» **Data provided**
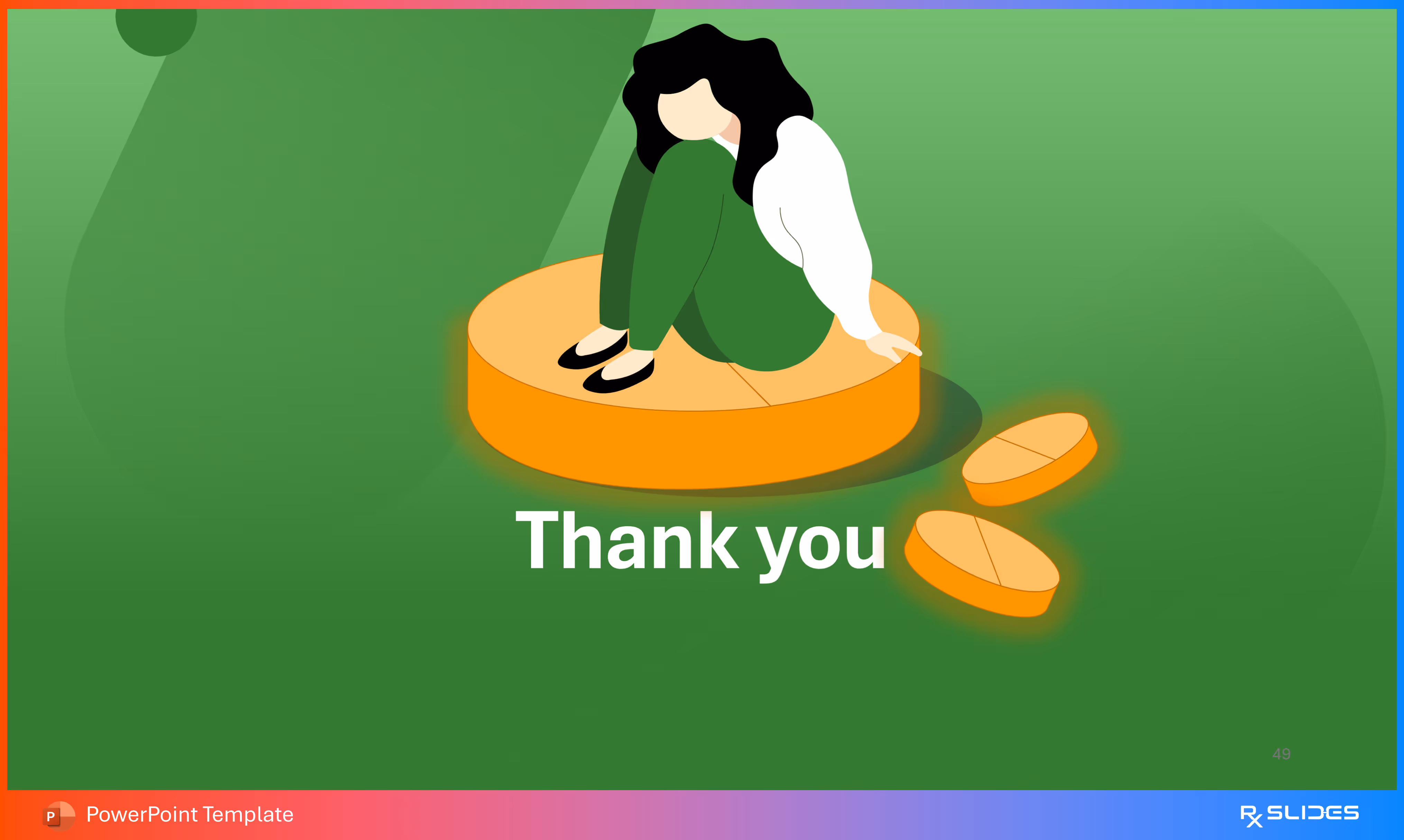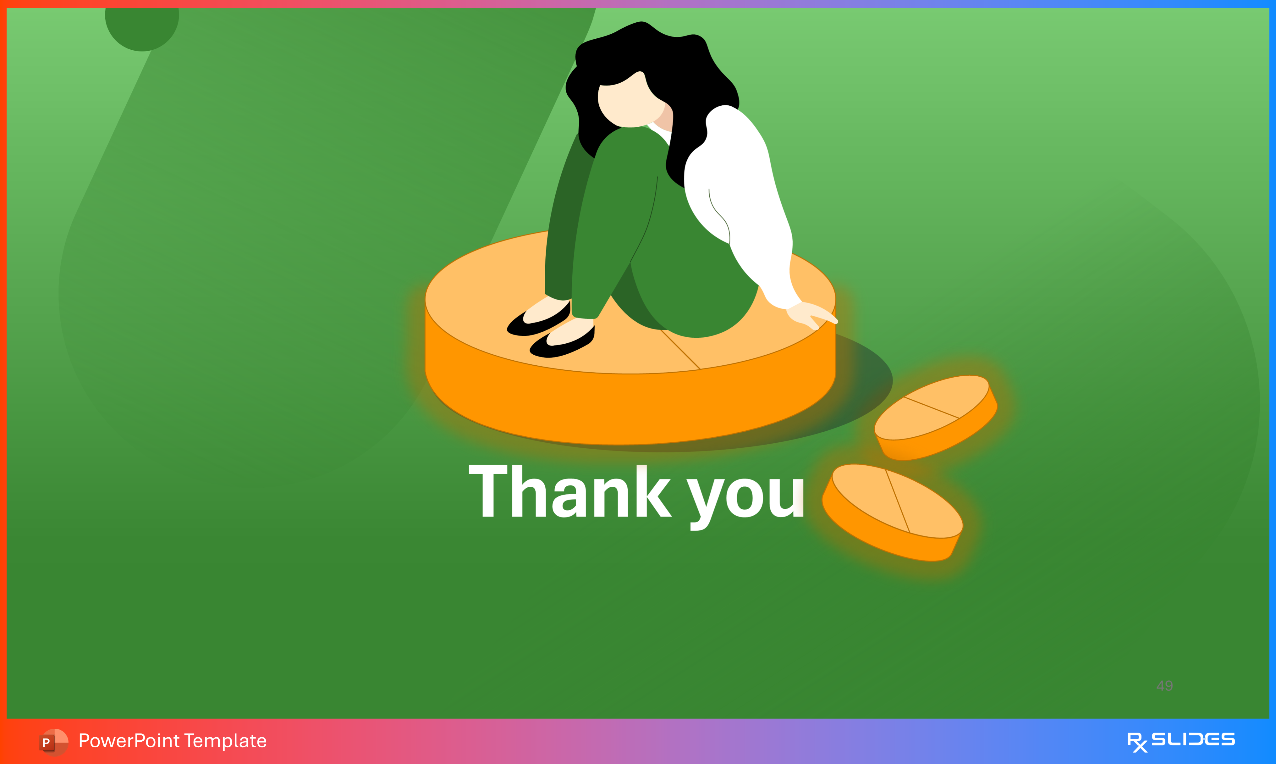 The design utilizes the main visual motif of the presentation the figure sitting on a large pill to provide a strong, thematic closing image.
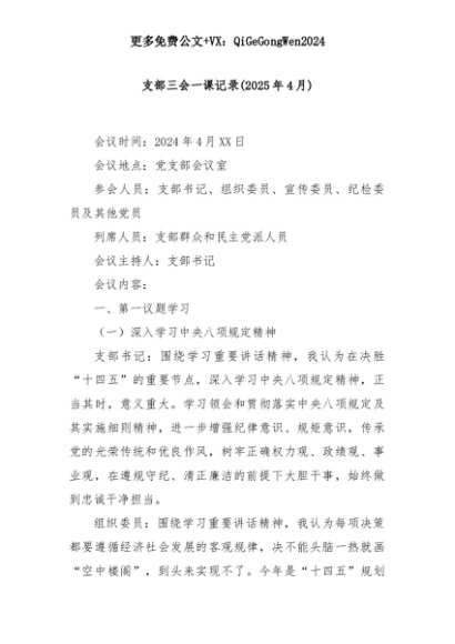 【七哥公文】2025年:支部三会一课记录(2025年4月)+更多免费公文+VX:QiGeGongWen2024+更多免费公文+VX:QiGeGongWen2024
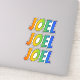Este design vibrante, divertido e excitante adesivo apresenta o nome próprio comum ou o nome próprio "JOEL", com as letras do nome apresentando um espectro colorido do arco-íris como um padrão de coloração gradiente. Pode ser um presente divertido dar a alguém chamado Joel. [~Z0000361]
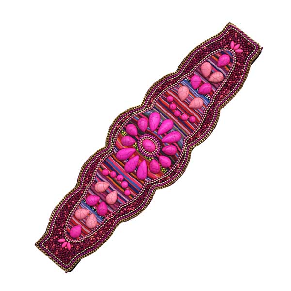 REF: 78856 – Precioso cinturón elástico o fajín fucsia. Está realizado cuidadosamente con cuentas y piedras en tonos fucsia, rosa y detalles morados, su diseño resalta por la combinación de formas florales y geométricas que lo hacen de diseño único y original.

» **Description of the task**
For this exercise, transcribe the data above line by line, exactly, with pictures omitted.

» **Task output**
 The design utilizes the main visual motif of the presentation the figure sitting on a large pill to provide a strong, thematic closing image.
 【七哥公文】2025年:支部三会一课记录(2025年4月)+更多免费公文+VX:QiGeGongWen2024+更多免费公文+VX:QiGeGongWen2024
Este design vibrante, divertido e excitante adesivo apresenta o nome próprio comum ou o nome próprio "JOEL", com as letras do nome apresentando um espectro colorido do arco-íris como um padrão de coloração gradiente. Pode ser um presente divertido dar a alguém chamado Joel. [~Z0000361]
 REF: 78856 – Precioso cinturón elástico o fajín fucsia. Está realizado cuidadosamente con cuentas y piedras en tonos fucsia, rosa y detalles morados, su diseño resalta por la combinación de formas florales y geométricas que lo hacen de diseño único y original.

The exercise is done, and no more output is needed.